▸ **Brief**
Write every line below out again exactly, images omitted.

▸ **Material provided**
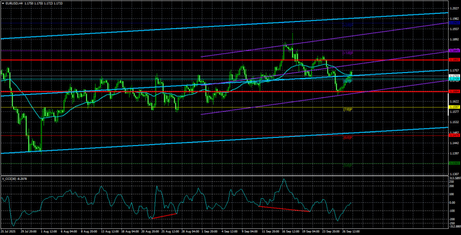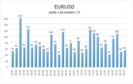 Валютная пара EUR/USD в течение первого торгового дня недели продолжала восходящее движение, которое началось еще в пятницу. Особенно примечательно выглядит рост евро на азиатской и европейской торговых сессиях, когда никаких макроэкономических публикаций не было. Конечно, доллар по его собственным меркам 2025 года снизился незначительно – всего несколько десятков пунктов. Однако, учитывая фундаментальный фон, мы ожидаем, что уже довольно скоро американская валюта полетит в пропасть темпами первой половины текущего года. Как говорится, беда подкралась незаметно. В последние полторы-две недели американская валюта почивала на лаврах. Фондовый рынок растет, экономика США растет, Дональд Трамп не вводил новых тарифов месяца полтора, а борьба с ФРС проиграна президентом США вчистую. Казалось бы, настал момент, когда доллар развернется и прекратит свое затяжное падение. Однако Дональд Трамп почуял «неладное» и ввел новые отраслевые тарифы на грузовики, медикаменты и даже мебель. Что это? Эскалация торговой войны. А по какой причине падал доллар в первой половине 2025 года? Вопрос риторический... Также следует сказать про очередной «шатдаун». При Трампе «шатдауны» стали уже просто какой-то обыденностью. Каждый год с наступлением нового финансового года демократы и республиканцы не могут договориться о бюджете. При чем, договориться они не могут, только когда Трамп президент. Напомним, что во времена первой каденции Трампа зафиксирован самый длительный шатдаун в истории США – 35 дней. Конечно, шатдаун не означает, что всех государственных сотрудников уволят, а все государственные структуры не будут работать. Или означает? Дональд Трамп распорядился, чтобы соответствующие ведомства готовились к массовым увольнениям. Что это? Новый метод противостояния демократам? Ведь все прекрасно понимают, что за массовыми увольнениями сотрудников последует тотальная критика Демократической партии, «которая не оставила Трампу иного выбора». Судьба людей, как это уже привычно в США, никого не интересует. Напомним, что «Один большой прекрасный и удивительный закон» Трампа, который был принят пару месяцев назад, предполагает не только снижение налогов, но и резкое сокращение медицинских и социальных программ. На сейчас раз камень преткновения тоже в этих программах. Демократы хотят сохранить хотя бы какую-то помощь социально малозащищенным слоям населения, Трамп и его команда настаивают на обратном. Если до 1 октября правящие элиты не договорятся, Америка погрузится в очередное проявление «Великого будущего». Честно говоря, даже сложно предположить, при каких обстоятельствах в ближайшее время рынок будет покупать доллар. Конечно, отчет NonFarm Payrolls может оказаться выше прогнозов, потому что теперь сами прогнозы, что называется, ниже плинтуса. Ранее Бюро статистики прогнозировало от 100 до 200 новых рабочих мест, а теперь 39. Превысить цифру 39 гораздо проще, чем цифру 100 тысяч. Таким образом, мы даже не удивимся новому росту доллара. Однако оснований для этого по-прежнему нет. Остается лишь дождаться закрепления цены выше мувинга, чтобы техническая и фундаментальная картины указывали в одном направлении. Средняя волатильность валютной пары EUR/USD за последние 5 торговых дней по состоянию на 30 сентября составляет 69 пунктов и характеризуется, как «средняя
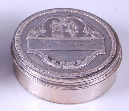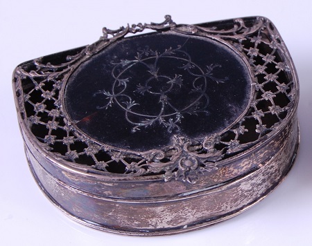 A George V silver trinket box and cover, of semi-circular form, the cover with central tortoiseshell panel with silver pique work, within a further openwork border, maker William Comyns & Sons, London 1913, w.10.5cm; together with a George V silver jar and cover, of circular form, the hinged lid relief decorated with a dancing couple, with tablet below ‘With the compliments of the Royal Mail Steam Packet Co’, maker Elkington & Co, Birmingham 1925, dia.7.5cm (2)
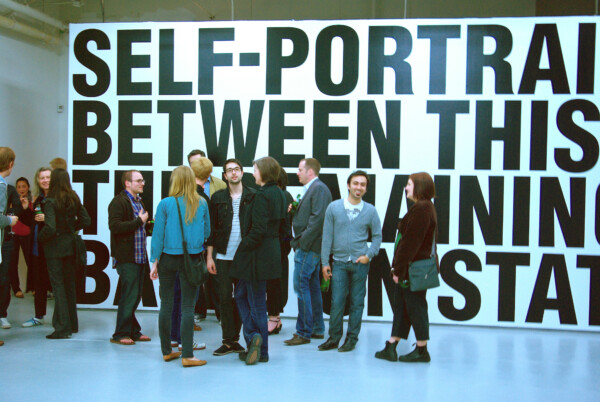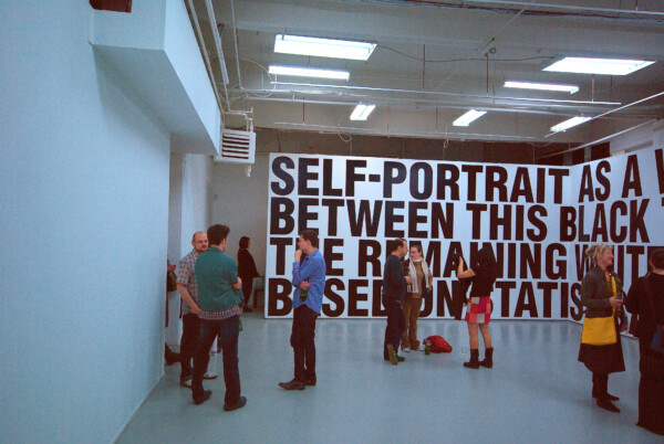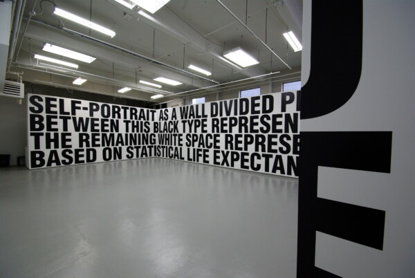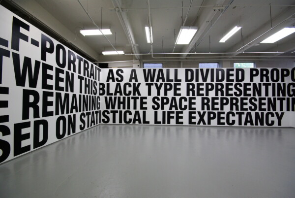 Micah Lexier’s Self Portrait as a wall divided proportionally between this black type representing life lived and the remaining white space representing life to come, based on statistical life expectancy is likewise ongoing, first exhibited in 1998. The text that comprises work itself is sized differently each time it is installed, as determined by the physical dimensions of the gallery space. Contrary to expectation, the ratio between the black text and the white wall do not change but rather continue to reflect the age of the artist at the time the work was first conceived.
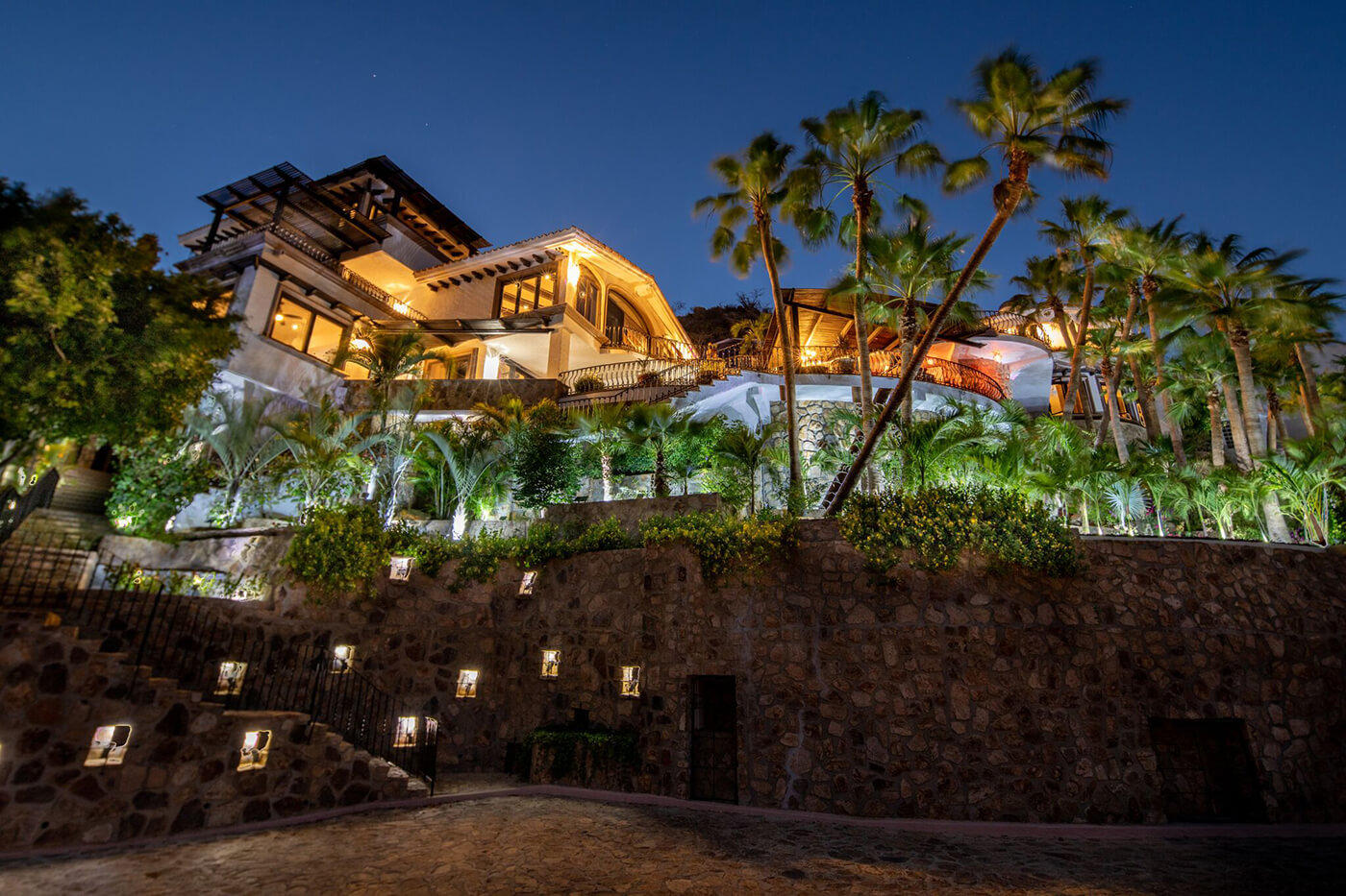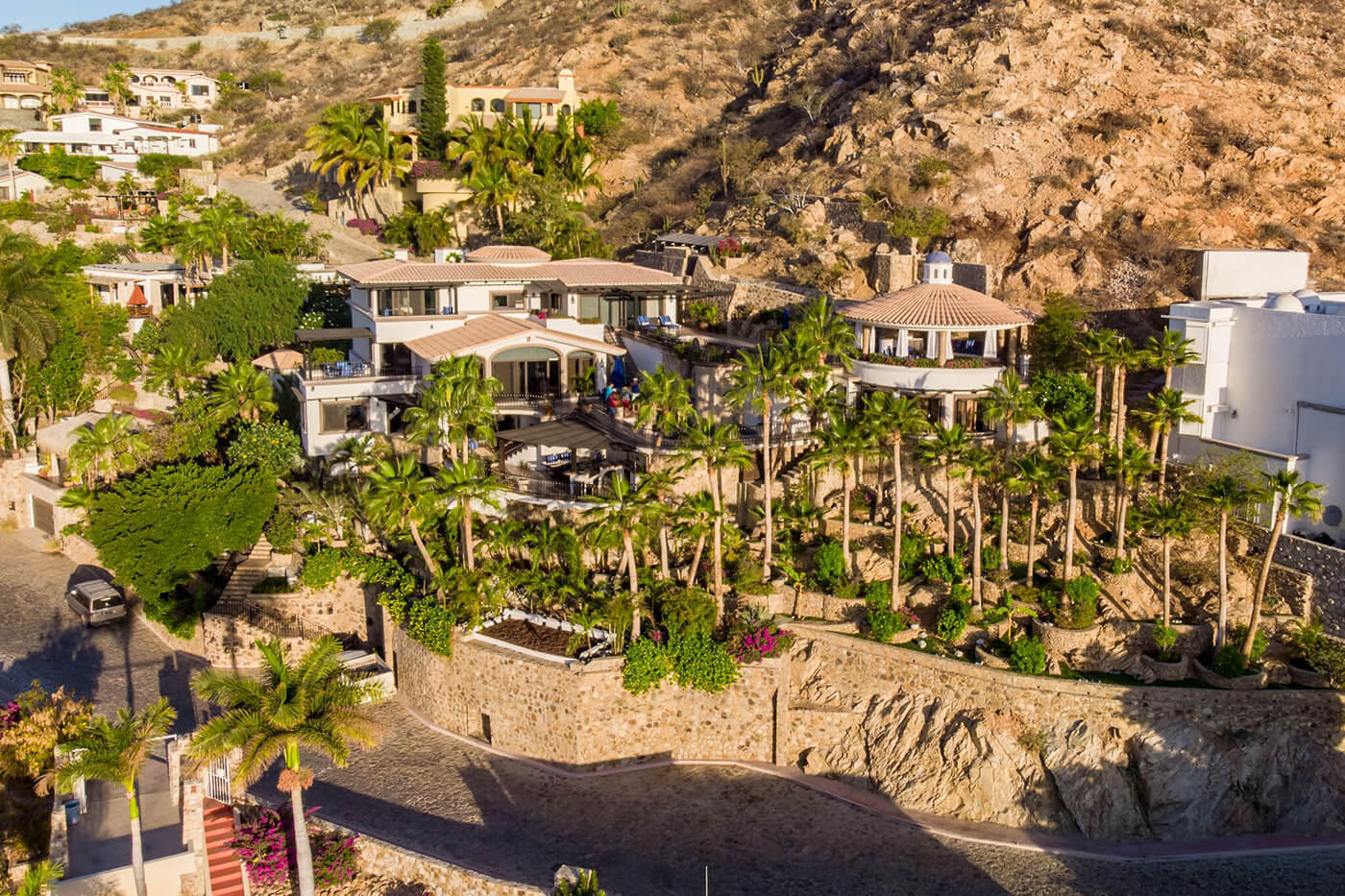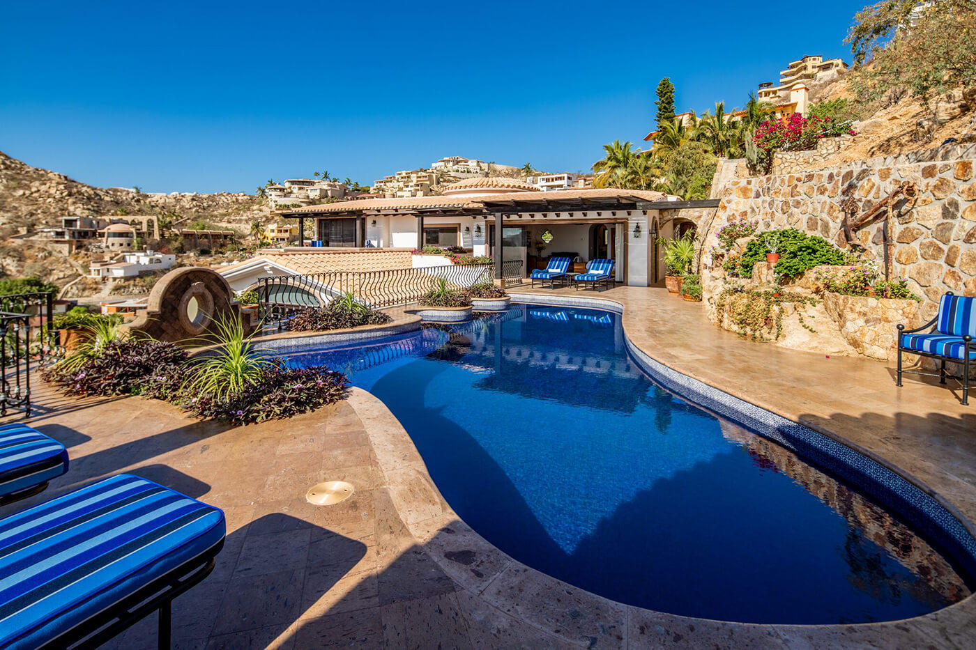 Perched on a knoll, at the end of a private lane, and above the Cabo San Lucas marina in one of Cabo’s most known and respected communities, El Pedregal, Casa Connie is a faithfully eclectic collection of intimate gathering places, sun-drenched pools, and shaded private gardens. Meticulously maintained, Casa Connie is a true move-in ready, turn-key listing, hard to find in any other offering in Pedregal. In the last 2 years, this property was completely gutted, renovated, and brought current including the installation of solar energy for all electricity, keeping monthly expenses at a bare minimum. This Spanish Colonial showpiece truly softens the divide over 3 distinct levels in the main building, and again in the private casita hidden within the cooling gardens. *SEE SUPPLEMENT

▸ **Answer box**
 Валютная пара EUR/USD в течение первого торгового дня недели продолжала восходящее движение, которое началось еще в пятницу. Особенно примечательно выглядит рост евро на азиатской и европейской торговых сессиях, когда никаких макроэкономических публикаций не было. Конечно, доллар по его собственным меркам 2025 года снизился незначительно – всего несколько десятков пунктов. Однако, учитывая фундаментальный фон, мы ожидаем, что уже довольно скоро американская валюта полетит в пропасть темпами первой половины текущего года. Как говорится, беда подкралась незаметно. В последние полторы-две недели американская валюта почивала на лаврах. Фондовый рынок растет, экономика США растет, Дональд Трамп не вводил новых тарифов месяца полтора, а борьба с ФРС проиграна президентом США вчистую. Казалось бы, настал момент, когда доллар развернется и прекратит свое затяжное падение. Однако Дональд Трамп почуял «неладное» и ввел новые отраслевые тарифы на грузовики, медикаменты и даже мебель. Что это? Эскалация торговой войны. А по какой причине падал доллар в первой половине 2025 года? Вопрос риторический... Также следует сказать про очередной «шатдаун». При Трампе «шатдауны» стали уже просто какой-то обыденностью. Каждый год с наступлением нового финансового года демократы и республиканцы не могут договориться о бюджете. При чем, договориться они не могут, только когда Трамп президент. Напомним, что во времена первой каденции Трампа зафиксирован самый длительный шатдаун в истории США – 35 дней. Конечно, шатдаун не означает, что всех государственных сотрудников уволят, а все государственные структуры не будут работать. Или означает? Дональд Трамп распорядился, чтобы соответствующие ведомства готовились к массовым увольнениям. Что это? Новый метод противостояния демократам? Ведь все прекрасно понимают, что за массовыми увольнениями сотрудников последует тотальная критика Демократической партии, «которая не оставила Трампу иного выбора». Судьба людей, как это уже привычно в США, никого не интересует. Напомним, что «Один большой прекрасный и удивительный закон» Трампа, который был принят пару месяцев назад, предполагает не только снижение налогов, но и резкое сокращение медицинских и социальных программ. На сейчас раз камень преткновения тоже в этих программах. Демократы хотят сохранить хотя бы какую-то помощь социально малозащищенным слоям населения, Трамп и его команда настаивают на обратном. Если до 1 октября правящие элиты не договорятся, Америка погрузится в очередное проявление «Великого будущего». Честно говоря, даже сложно предположить, при каких обстоятельствах в ближайшее время рынок будет покупать доллар. Конечно, отчет NonFarm Payrolls может оказаться выше прогнозов, потому что теперь сами прогнозы, что называется, ниже плинтуса. Ранее Бюро статистики прогнозировало от 100 до 200 новых рабочих мест, а теперь 39. Превысить цифру 39 гораздо проще, чем цифру 100 тысяч. Таким образом, мы даже не удивимся новому росту доллара. Однако оснований для этого по-прежнему нет. Остается лишь дождаться закрепления цены выше мувинга, чтобы техническая и фундаментальная картины указывали в одном направлении. Средняя волатильность валютной пары EUR/USD за последние 5 торговых дней по состоянию на 30 сентября составляет 69 пунктов и характеризуется, как «средняя
 A George V silver trinket box and cover, of semi-circular form, the cover with central tortoiseshell panel with silver pique work, within a further openwork border, maker William Comyns & Sons, London 1913, w.10.5cm; together with a George V silver jar and cover, of circular form, the hinged lid relief decorated with a dancing couple, with tablet below ‘With the compliments of the Royal Mail Steam Packet Co’, maker Elkington & Co, Birmingham 1925, dia.7.5cm (2)
 Micah Lexier’s Self Portrait as a wall divided proportionally between this black type representing life lived and the remaining white space representing life to come, based on statistical life expectancy is likewise ongoing, first exhibited in 1998. The text that comprises work itself is sized differently each time it is installed, as determined by the physical dimensions of the gallery space. Contrary to expectation, the ratio between the black text and the white wall do not change but rather continue to reflect the age of the artist at the time the work was first conceived.
 Perched on a knoll, at the end of a private lane, and above the Cabo San Lucas marina in one of Cabo’s most known and respected communities, El Pedregal, Casa Connie is a faithfully eclectic collection of intimate gathering places, sun-drenched pools, and shaded private gardens. Meticulously maintained, Casa Connie is a true move-in ready, turn-key listing, hard to find in any other offering in Pedregal. In the last 2 years, this property was completely gutted, renovated, and brought current including the installation of solar energy for all electricity, keeping monthly expenses at a bare minimum. This Spanish Colonial showpiece truly softens the divide over 3 distinct levels in the main building, and again in the private casita hidden within the cooling gardens. *SEE SUPPLEMENT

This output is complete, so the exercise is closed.